Is our long love affair with education coming to an end? In a
post-Christmas announcement that went largely unreported, Matthew Hancock, the
skills minister, said non-graduates will be able to qualify, through
apprenticeships, as lawyers, accountants, and chartered engineers. It marks a
rare reversal of a century-old trend: for longer and longer periods of
full-time education to be required from anyone aspiring to a professional
career (defined in the broadest sense to include occupations such as
journalism, publishing and management consultancy that aren't, strictly
speaking, professions). It has been called "the diploma disease" or
"the qualification spiral".
We take it as axiomatic that the longer you stay in school
and university, the better you'll do in life. Sixty years ago you could still
enter most professional jobs – in law, management, finance, the civil service,
engineering, surveying, nursing, midwifery, and so on – with the equivalent of
five GCSEs at grade A* to C, sometimes less. Since then, employers and
professional bodies have, by stages, raised the requirements: to one A-level,
then two A-levels, then a degree. Now, increasingly, postgraduate study is
needed before a young person starts work.
Education is regarded as an unmitigated good, of benefit to
society, the economy and the individual. More means better, we think. In many
respects, that is true: if we are a more tolerant, more inclusive society than
we were 50 years ago, that is largely because most of us are better educated.
But we should look more closely at how the demand for ever higher pre-career
qualifications has affected professional and managerial competence, the
educational experience and, above all, social mobility.

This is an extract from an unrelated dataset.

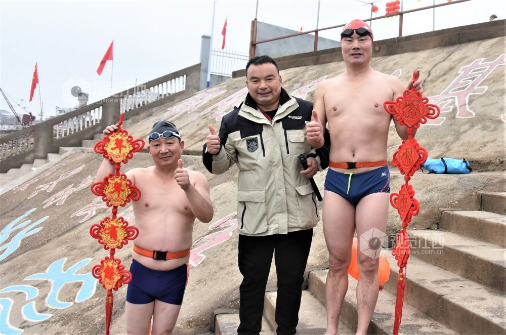 2022年2月3日,江西省鄱阳县游泳协会组织冬泳爱好者在该县游泳基地开展“庆新春,迎冬奥,游饶河”活动,喜迎冬奥会在北京举行。

Take, first the demand for higher general qualifications:
the batch of GCSEs and A-levels or a degree without which most employers won't
look at a job application. These credentials carry little or no information
about knowledge and skills that may be of relevance to a particular career.
They are sifting devices, allowing employers to exclude those they perceive as
unintelligent or lazy. They create, in students, an instrumental attitude to
education. Subjects are studied and examinations taken, not because of
enthusiasm for history, chemistry or German literature, but because they are
required if the student is to progress.
Moreover, because children from affluent homes do better
academically, the requirements stop many from poor homes getting even a
foothold in a professional or managerial career. The paths that once took 16
year-old school-leavers from shopfloor to boardroom or from copyboy to
newspaper editor are blocked. Journalists and broadcasters born in 1958 typically
grew up in families where income was only 5.5% above average, against 42.4%
above average for those born in 1970. That is the most dramatic example of a
pattern evident across nearly all professions. Look no further than the rise of
what Americans call "credentialism" for an explanation.
Examination-based credentials – introduced to guarantee that merit, not birth
or social connection, determined who got the top jobs – now act as barriers to
social mobility. Solutions usually focus on giving disadvantaged children a
better shot at acquiring qualifications. Almost nobody considers how the
qualifications themselves may be at fault.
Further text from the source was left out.